Norbit Blu-ray Review
PictureNorbit comes to us on Blu-ray with a gorgeous High Definition rendition in the movie's original theatrical widescreen aspect ratio of 1.85:1. Detail is generally good throughout, with very little softness indeed (except for, oddly enough, the scenes with Thandie Newton). There is also very little grain, and the presentation is largely lacking of transfer defects. The colours scheme is quite broad and vivid, mostly thanks to Rasputia's garish attire, with costumes, skin tones and settings all brought to life in an almost over-real comic-book fashion. Blacks are deep and solid, allowing for superior contrast and decent shadowing. I have read some complaints about Norbit's visual look, but I think this has less to do with the format and more to do with the intentional style of the production. Overall, in my opinion, this Blu-ray release provides a very good visual presentation of the movie.
SoundAll we get to accompany this comedy is a Dolby Digital 5.1 Surround track in the movie's original English language.
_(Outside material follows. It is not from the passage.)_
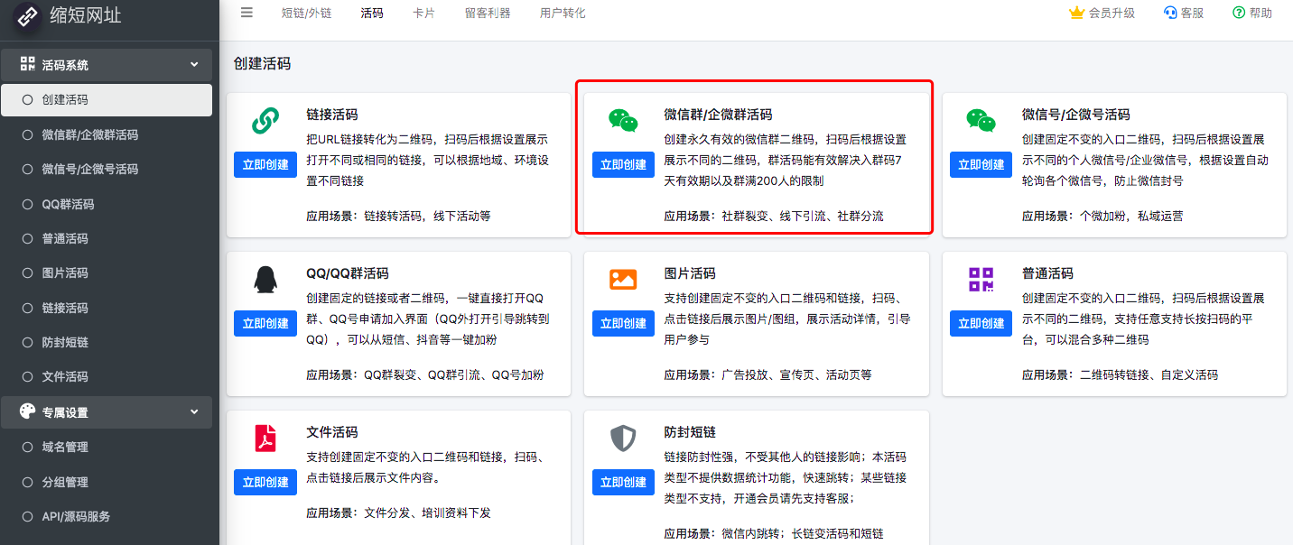 进入管理后台->活码系统->微信群/企微群活码

It is a bit of a shame when considering what Blu-ray has to offer and, although it is not really a movie that warrants Uncompressed PCM, I am always still disappointed when I find new releases do not have such a track. It just seems a waste. The standard track is still reasonable capable, with dialogue coming across clearly and coherently throughout - from Murphy many different vocals to the screams and shouts of the crowds and kids. The scoring is quite quaint and scene specific, with some sequences getting livened up but most given a kind of 'fairytale' resonance which is particularly suited to the first act of the movie. There are actually quite a few effects, mostly related to Rasputia, from her snoring like a boar to her ploughing through everything in her way like the Hulk. Plenty of crashes and bangs ensue and offer the surrounds something other than the score to chew on. Nowhere near as dynamic or lively as you would have found with an Uncompressed PCM track, it is nonetheless sufficient enough not to detract from your enjoyment of the main feature. It just does little to enhance it.
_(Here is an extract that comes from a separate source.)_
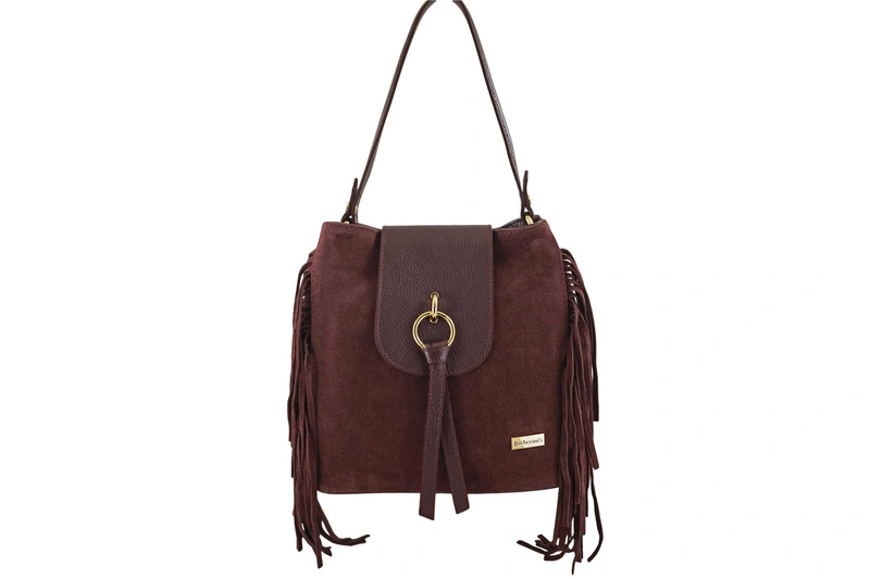 Skórzana torebka boho z frędzlami w kolorze bordowym. Klasyczna torebka damska o średniej wielkości, która łączy ponadczasową elegancję z subtelnym stylem boho. Wykonana z wysokiej jakości skóry naturalnej – połączenie gładkiej skóry licowej oraz miękkiego zamszu na froncie, idealnie dopasowanego kolorystycznie do całości. Starannie dobrane złote okucia dodają jej szlachetnego charakteru i podkreślają uniwersalny styl. Charakterystycznym elementem torebki są dekoracyjne frędzle po bokach, wykonane z miękkiego zamszu, które nadają całości lekkości i pięknie poruszają się w ruchu, ożywiając klasyczną formę torebki i sprawiając, że model wyróżnia się na tle minimalistycznych dodatków. Skórzana torebka boho z frędzlami świetnie komponuje się z codziennymi stylizacjami, doskonale uzupełni również bardziej eleganckie zestawy.

ExtrasThe Making of Norbit runs at 22 minutes long, offering comments from the Director, the Producer and many of the stars, including Eddie Murphy (and his brother, who he co-wrote it with). They talk about how they came up with the idea itself, the different roles that Murphy plays, and why he is so drawn to multiple parts. We get plenty of behind the scenes footage of the movie being filmed, but also lots of clips from the main feature itself, thankfully normally narrated by one of the contributors. They go into a fair amount of detail on the clothes that Rasputia wears, the makeup used to bring the various personas to life and so forth. It is an interesting addition, with lots of nice cast comments (particularly from Murphy) that you're going to want to check out.
Man of a Thousand Faces is a brief 5 minute look at Murphy's versatility in his different roles, with contributions from the Special Make Up Effect Artist (the same guy Murphy worked with on Coming to America) talking about the intensive hours spent in the trailer trying to change Murphy into the various different characters. The most interesting parts are the fast-forward make-up videos where we get to see Murphy transformed into one of his alter-egos. It is quite remarkable.
The Stunts of Norbit takes 12 minutes to look at some of the more dramatic stunts used in the movie, with brief glimpses of the storyboards, contributions from the relevant crew members, and behind the scenes footage showing how the stunt was performed, with some of the more dramatic stunts having been done by a stuntman. In a strange way, although very informative, it is a little too revealing - sure, I know Murphy's not likely to be insured to do many of his own stunts, but perhaps this completely ruins any illusions.
There are also 14 Deleted Scenes, totalling some 10 minutes of extra footage. There are a few more childhood sequences, an interesting addition where Rasputia bullies Norbit into marrying her (which they should have left in), but most of it is pointless and rightfully removed, with lots of unnecessary scene extensions.
Power Tap is five-minute mock infomercial about the exercise video instructor and his 'art' Power Tap. Featuring Marlon Wayans in character it is nothing substantial, but worth checking out if you found the character amusing. Finally we get a Photo Gallery and Theatrical Trailer to round of the disc. Although none of the Extras are specifically Blu-ray exclusive, they are all presented in High Definition, which is a nice touch.
VerdictNorbit is an odd fish, that seems to have been promoted as a typical Eddie Murphy kid-friendly fluffy comedy, but in reality is a much darker, more adult affair - with some visual gags thrown into the mix. It is a shame because the odd style makes it difficult for the viewer to know what to expect, and I certainly would not recommend this for watching with your children. Which is funny, because it isn't really deserving of your attentions as an adult either. The video presentation is solid, with a slightly ordinary audio accompaniment, but a nice bucket of extras to round off the disc with. Although it once again showcases the multi-character talents of Murphy, Norbit comes recommended as a rental only. This one is very much down to taste, and many will not like it.